34 – The Least of These

Jesus said, “When you do it unto the least of these, you do it unto me.”

The world is full of people who only help people whom they think can help them in return. This is not godly thinking. In a worldview of Biblical morals, helping everyone is helping Jesus because Jesus died to help everyone.

With good Bible hermeneutics we know the Greek way of expression, just as we have sayings in English and any other language. Jesus did not mean, “only unto the least of these,” but the idea is, “even unto the least of these.” We know this for two easy reasons up front, in addition to familiarity with how people talk in the New Testament: First, it’s hard to prove in court that Jesus meant only, second, he didn’t define “least”. “Least of these” has a Greek grammar conundrum. In English we would say, “the lowest of people,” which is still undefined.

Jesus means that no matter who we help or don’t help, he sees all and no self-sacrificial deed goes unnoticed.

Some of the “least of these” includes very wealthy people whom the masses are rude toward. Never show favoritism to anyone, neither for being poor and underprivileged nor for being rich and overprivileged. Jesus died for all people and he wants you to help all people he died for.

In that process, love knows when to be “tough” and let people do their own work. There is dignity in doing things ourselves, not taking handouts, and working to right problems we made for others.

One of my high school teachers had printed on the wall, “Lack of preparation on your part does not constitute an emergency on my part.” That teacher’s wisdom helped a lot of students, all of them in fact.

Befriending the friendless includes giving harsh advice.

Doing what is right cannot possibly conflict, by definition. Whatever is good for others is always good for you and vice versa; if you think otherwise then you misunderstand justice.

Help all people, sometimes by not helping or not encouraging or not “positively” drawing attention to embarrassment. Don’t just dump money either. Actually help—across the board—all people.

Matthew 25:31-46

35 – Earth Will Be Full of the Knowledge of God

When Jesus reigns on Earth, whatever the truth is—whatever things our theology was right about or wrong—all people will know God truly, without need for anyone to teach them. That’s one of the main reasons life will be, in so many words, “Heaven,” except that it will be Heaven on Earth, literally.

Even in the ages after Earth, everyone will understand the structures and systems of society. There won’t be political divides because both the needs and the ways to meet those needs will be widely know to everyone. When society is full of knowledge about God, that changes everything.

We’re not there yet, thankfully.

Even without sin, society must slowly learn about God. We can’t just have God come down, open the skies above everyone’s house, and download all truth. That would reduce us to minions.
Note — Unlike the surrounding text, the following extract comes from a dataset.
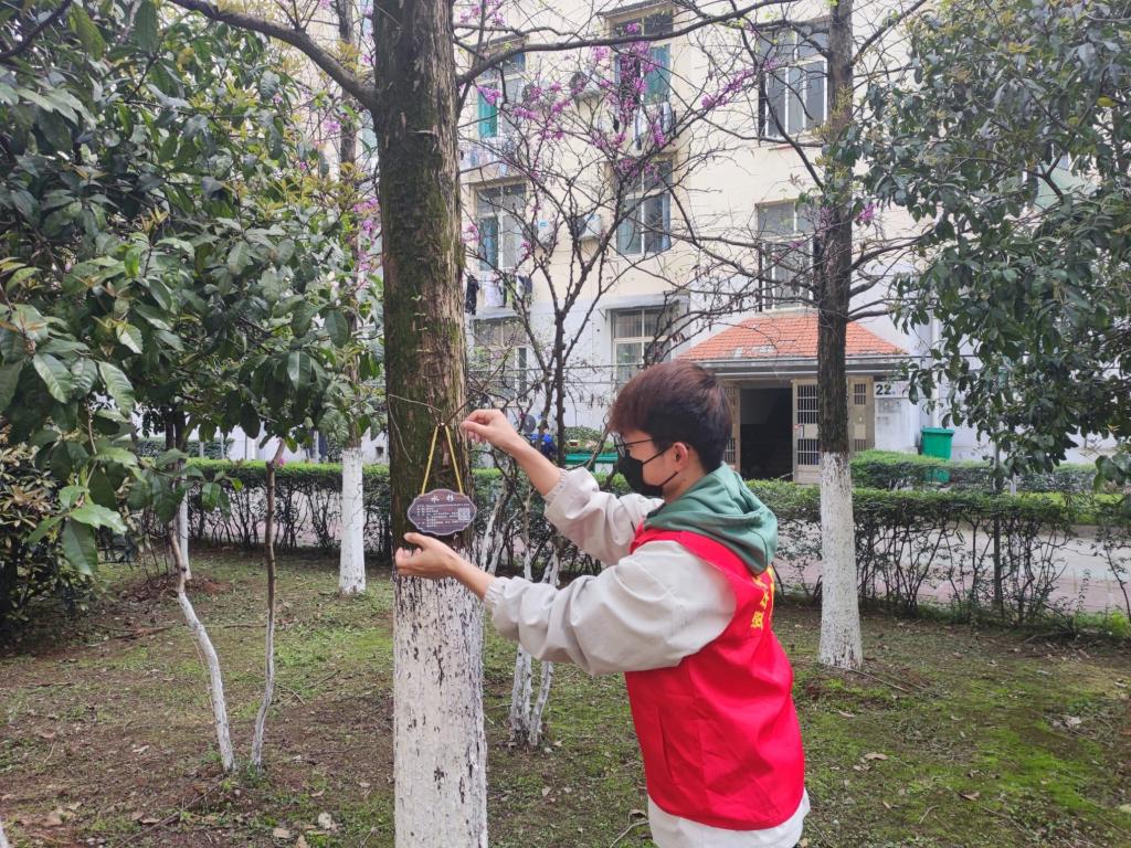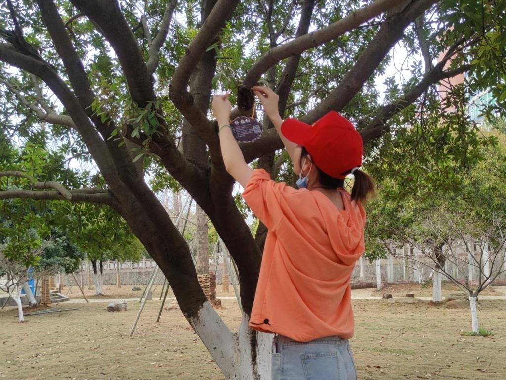 在这次活动中,志愿者们细心地为校园的植物挂上树牌,使原本明媚的花朵,质朴的树木,有机会为自己发声,不禁惹得路过的同学们对原本并未过多留意的它们驻足。志愿者们在为植物增添光彩的同时还不忘捡拾乱扔的垃圾,他们为美化校园所做的一切,不仅给书卷地留下该有的纯洁,而且有益于共建和谐校园。

We must study and learn, ponder and work, in order to understand God.

Once all human society is filled with that knowledge about God, it won’t be from any download; it will be from our experience and from having seen Jesus face-to-face and having real fellowship with those who have done the same.

Learning comes from our own choice to do so, even in the next life. For all Eternity, we will never stop learning and God will never run out of things for us to learn about Him. So, in this sense, part of experiencing “Heaven on Earth” even now—of entering into Eternal Life even during this current, brief life—includes being students of theology—students of the knowledge of God. This begins with fearing only Him and nothing else, loving Him more than anyone or anything else, and pondering clear truths about love and self-sacrifice for others, from the smallest to the greatest circumstances of our daily lives.

Everything in your life—everything—was allowed or introduced by God as part of helping you learn about life, yourself, others, and—central to all knowledge—learning about Him. Look for His reflections—His fingerprints—in the world around you. Knowledge of God, after all, will abound in Eternal Heaven, but it is just as relevant and accessible here, in the world right around us.